5920-1 (622680), страница 3
Текст из файла (страница 3)
Если право и мораль организуют "внешнее", социальное пространство культуры (формы взаимодействия и "общежительного" устройства) – по ним (и их соотношению) мы можем судить о том, какой способ мысли ("умственный строй") заложен в основание той или иной культуры, то дух неразумности русской культуры прямо выражает себя в отождествлении права и морали (в силу фундаментального тождества ценности и смысла, характерного для всякого архаического мышления). Последние разделены законодательно, формально (в силу определенности права), но в сознании людей, психологически – сливаются почти до неразличимости, так что ни о какой автономии права или морали говорить не приходиться. Такое состояние может быть охарактеризовано и применительно к праву и применительно к морали – как нигилизм, т.е. "правовой нигилизм" и "моральный (или нравственный) нигилизм" одновременно. Важно понять, что они взаимосвязаны и не существуют друг без друга.
Мы не только повсеместно и всегда отрицаем законность, право, предпочитая жить "по понятиям" (т.е. как бы по праву, но морально обоснованному!), но вместе с тем являемся и одним из самых законнических, забюрократизированных обществ. Малейшее проявление самостоятельной активности, частной инициативы у нас неизменно наталкивается на глухую стену из самых бессмысленных, ненужных регламентаций, законодательных актов и т.д., сковывается множеством "контролирующих органов и инстанций". Напротив, законность и формальное право, мы считаем, должны быть прежде всего морально обоснованы, явно или неявно сведены к каким-нибудь корпоративным ("классовым", "государственным" и т.п.), моральным основаниям ("право – необходимый минимум Добра" В.С. Соловьев [36] и т.д.), только в этом случае они будут легитимными. Законы должны служить "народу", субъекты власти должны быть прежде всего нравственно едиными с народом, церковью и т.д. (в духе средневековой концепции "богоугодного властелина"), и только потом – профессионально подготовленными ("голосуй сердцем"). Любые правовые коллизии мы готовы решать апелляцией к нравственному чувству, моральным внушением и с трудом понимаем независимость права от моральных оценок – собственно за границей морали для нас заканчивается и территория права. Поэтому априори отрицаем любые законы, с подозрением относясь к законности как таковой. При общей неразработанности философских основ права к началу XXI века, мы, похоже, не очень-то и нуждаемся в них.
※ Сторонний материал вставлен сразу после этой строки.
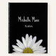 Simple and modern botanical personalised notebook, with a white daisy design on a black background, With white typography lettering, you can customise with your own information. Great for taking notes for your business!
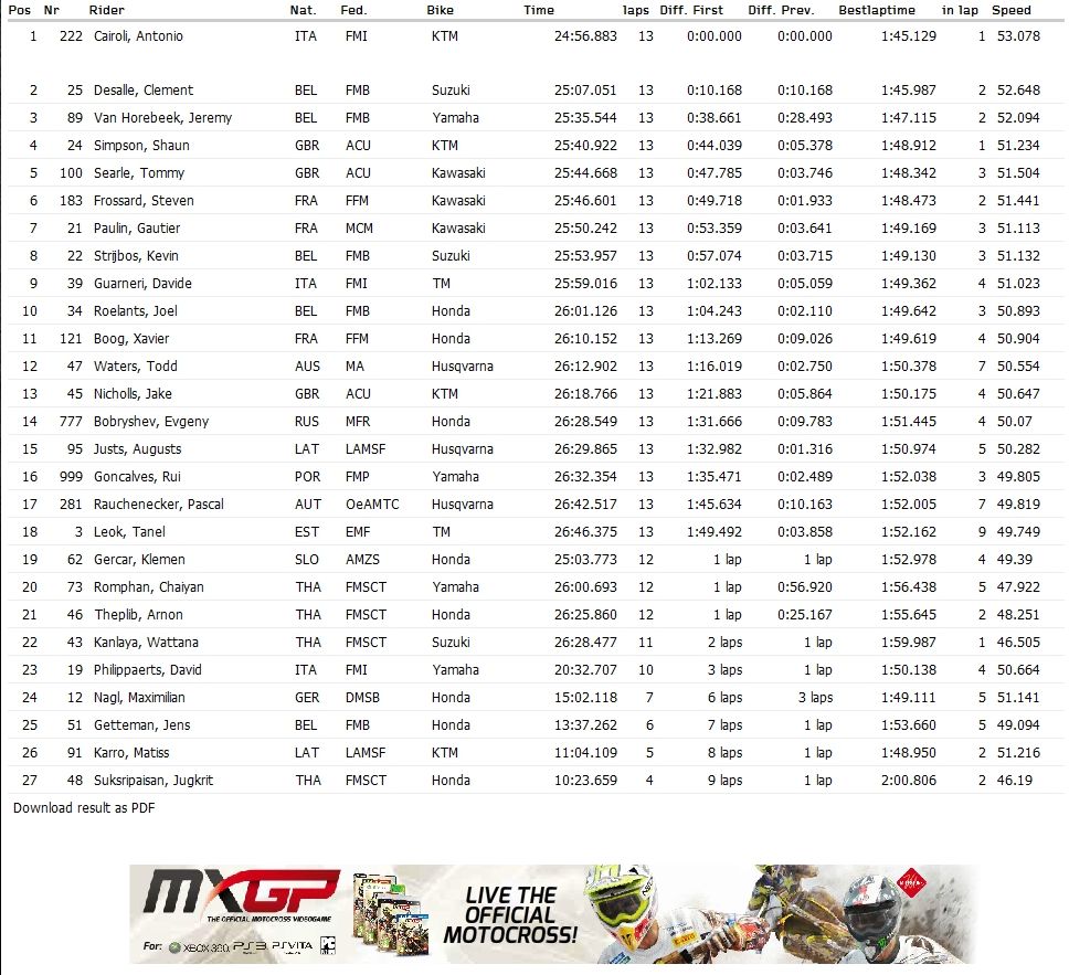 В классе MXGP первое место в квалификации занял итальянец Тони Кайроли. Второе и третье места у бельгийцев Клемента Десалля и Джереми Ван Хорбика.  Российский пилот Евгений Бобрышев закончил квалификацию на четырнадцатой позиции.

Обратной стороной "правового нигилизма" является то, что можно назвать "моральным нигилизмом". С одной стороны, мы являемся одним из самых ханжеских и лицемерных обществ. Несмотря на все перестроичные и постперестроичные изменения, мы по-прежнему не хотим знать иной морали, кроме той, которая подкреплялась бы всей мощью "коллективного разума", какой-нибудь иерархией авторитетов – природной (по возрастному признаку), социальной (по принципу – кто больший начальник) и т.п. При этом, совсем в духе исходной синкретической невычленности права из морали, последняя не имеет силы, если моральные поступки не могут повлечь за собой правовых последствий "побивания камнями" в виде общественного порицания или одобрения – вне этих проявлений нравственное просто не существует. Мораль должна быть непременно природно и социально обоснованной, гарантированной каким-нибудь "целым", будь то семейный клан, профессиональная группа, нация или общество в целом. "Без патриотизма (в самом широком смысле слова) нет морали" – так говорят одни; "быть патриотом аморально" – так говорят другие. И, стало быть, ни о какой морально автономной личности не может быть и речи. С другой стороны, мы не просто отрицаем мораль и нравственность, мы чаще всего глумимся над ними. Причем, если прежде для этого мы находили религиозное обоснование, как, например, С.Н. Булгаков, считавший, что мораль, которой довольствуется большинство, "сама по себе не имеет духовного вкуса, не вдохновляет..." [37] и должна быть преодолена религиозно [38], то теперь нам и вовсе не нужно никакого обоснования – достаточно ведь и того, что она защищает общество, а не личность, а еще точнее – общество от личности, а потому зачем вообще нужна мораль? Если в официальной науке у нас до сих пор господствуют социологизированные и идеалистические представления о морали, характерные для XIX века (сущность морали в поддержании единства общества, коллектива [39]), то на бытовом, практическом уровне нравственная мотивация фактически бездействует.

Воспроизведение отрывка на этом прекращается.